Extracted records below:

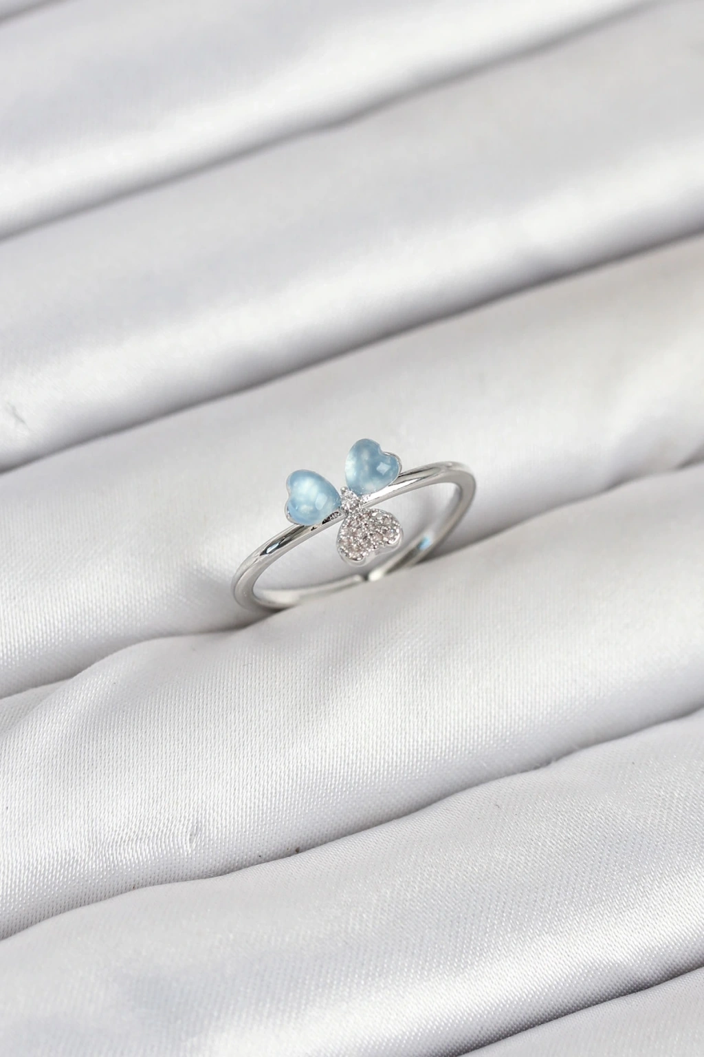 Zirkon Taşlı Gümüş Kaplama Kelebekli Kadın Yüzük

End of Extracted records.
Extracted records below:

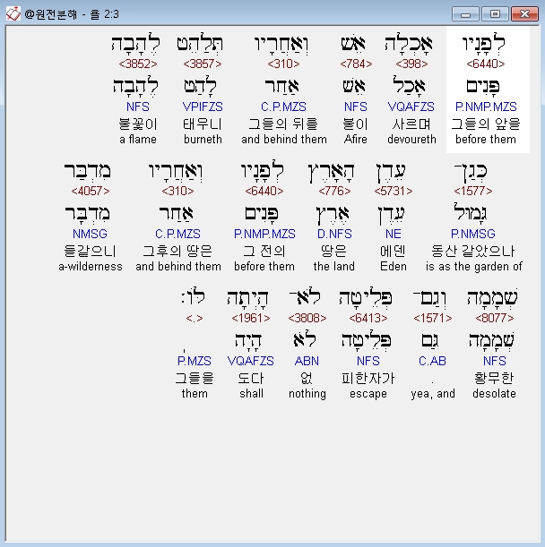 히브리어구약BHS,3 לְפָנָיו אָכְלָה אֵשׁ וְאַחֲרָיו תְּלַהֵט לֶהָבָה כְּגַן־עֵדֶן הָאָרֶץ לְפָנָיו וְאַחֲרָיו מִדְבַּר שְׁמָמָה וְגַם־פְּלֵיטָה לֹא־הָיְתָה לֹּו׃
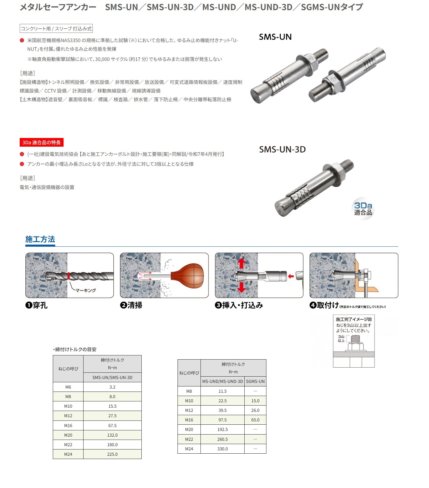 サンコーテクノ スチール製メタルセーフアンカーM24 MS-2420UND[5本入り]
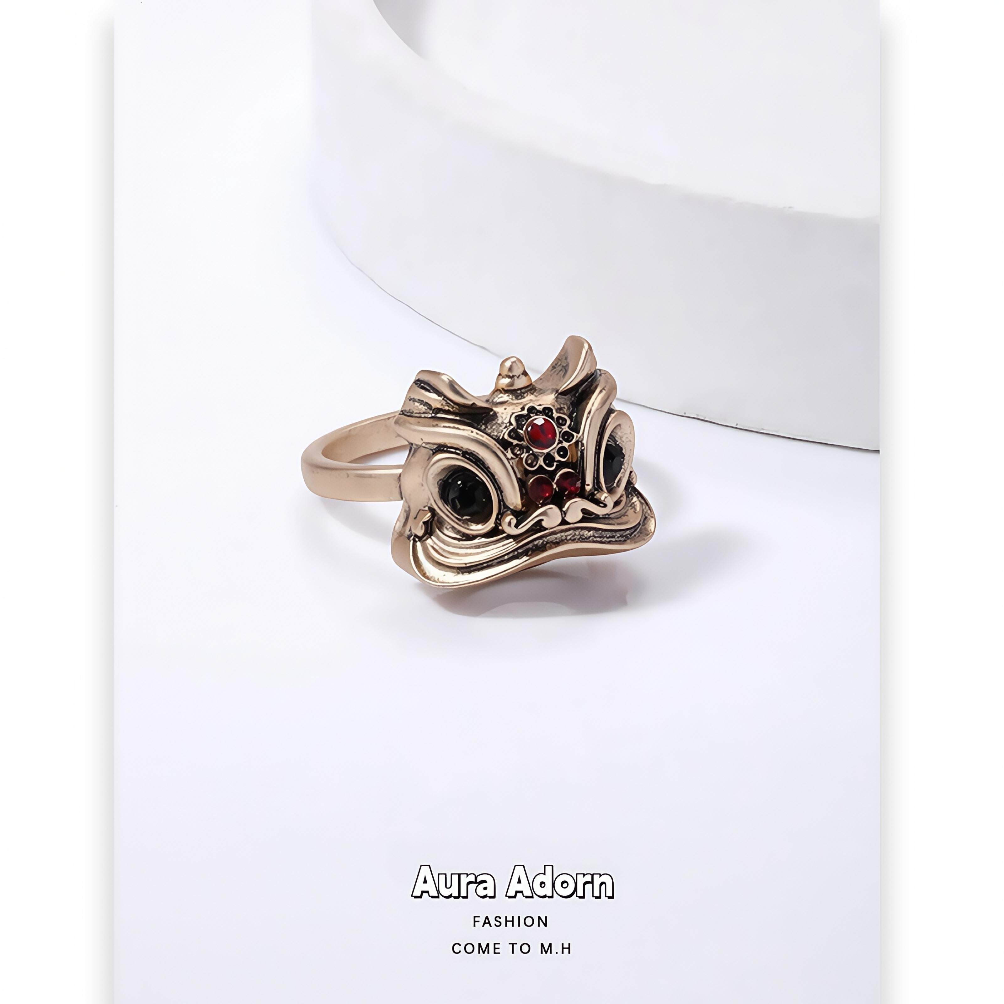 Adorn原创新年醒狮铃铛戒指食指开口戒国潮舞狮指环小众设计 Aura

End of Extracted records.

Look above for the line with "サンコーテクノ スチール製メタルセーフアンカーM24 MS-2420UND[5本入り]", then give again exactly every line from there through the line with "Adorn原创新年醒狮铃铛戒指食指开口戒国潮舞狮指环小众设计 Aura", skipping the pictures.

— Task answer —
 サンコーテクノ スチール製メタルセーフアンカーM24 MS-2420UND[5本入り]
 Adorn原创新年醒狮铃铛戒指食指开口戒国潮舞狮指环小众设计 Aura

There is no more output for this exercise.